My life is out of balance

in #life6 years ago

I haven't used my bike in a long time. I couldn't finish the book I read. I couldn't go to my two friends' wedding. I congratulated someone else on the phone, but he's a friend I've visited often. I didn't get a gift. I'm not enjoying any effort.

My life ile ilgili görsel sonucu

I eat, straw-straw; I drink, it's uninspired. I can't breathe deeply. I'm taking half a half and making a cut. The light of my drink will go out, it will go out. Don't let my door open, my phone doesn't ring, no friends, no friends. I don't know if I'm alive, don't be buried if I'm dead. You don't have a mouthful of bite. Don't let my eyes open, don't let my ears hear. Sun radiation, the world does not turn, do I care?

Why did I go like this, and what was my soul? My hope light went out, I wanted to live. Neither morning I feel happy when I kiss my daughter in her sleep, smell her, or enjoy a meal with aubergine and eat it.

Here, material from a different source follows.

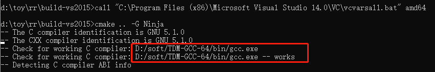 这就导致一个问题:即使调用了vcvarsall.bat来设定VS的环境,CMake调用的却是gcc: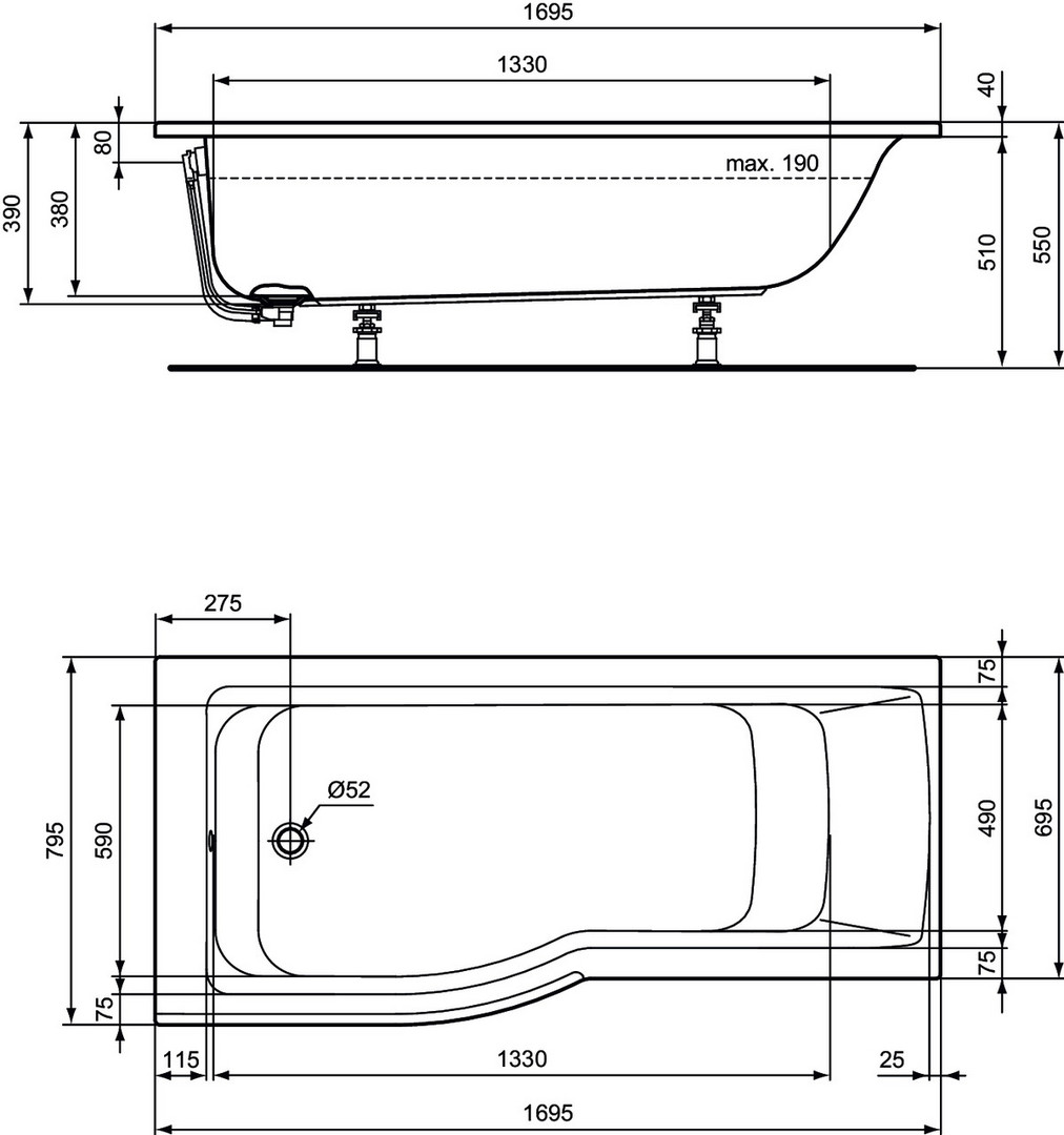 Sanitär-Acryl, mit Duschzone, glasfaserverstärkter Außenmantel, Einbau durch Unter- bzw. Abmauerung, Wannenfüße oder Wannenträger, einlaminierte Verstärkung des Wannenrandes und des Bodenbereiches, mit Überlauf (rund), Position Ablaufloch Fußende, Norm DIN EN 14516, DIN EN 198, DIN EN 232

When I see a small child, he can smile, and I can order for the famous dessert. I can't call my mother very often. It's only because I'm afraid to cry and cry.

Ä°lgili resim

He's been missing a piece of the puzzle in 40 days. I've had that gap before, and I can't fill it with anything else. My life is out of balance. He crawls and leans toward the empty side, wobbly. Between time, straight to the wall. Falling, rolling, drifting, bleeding somewhere. Her nose's running out, the eyes running dry. It's hard to get up again and again. I feel a little more melted every time, it's over.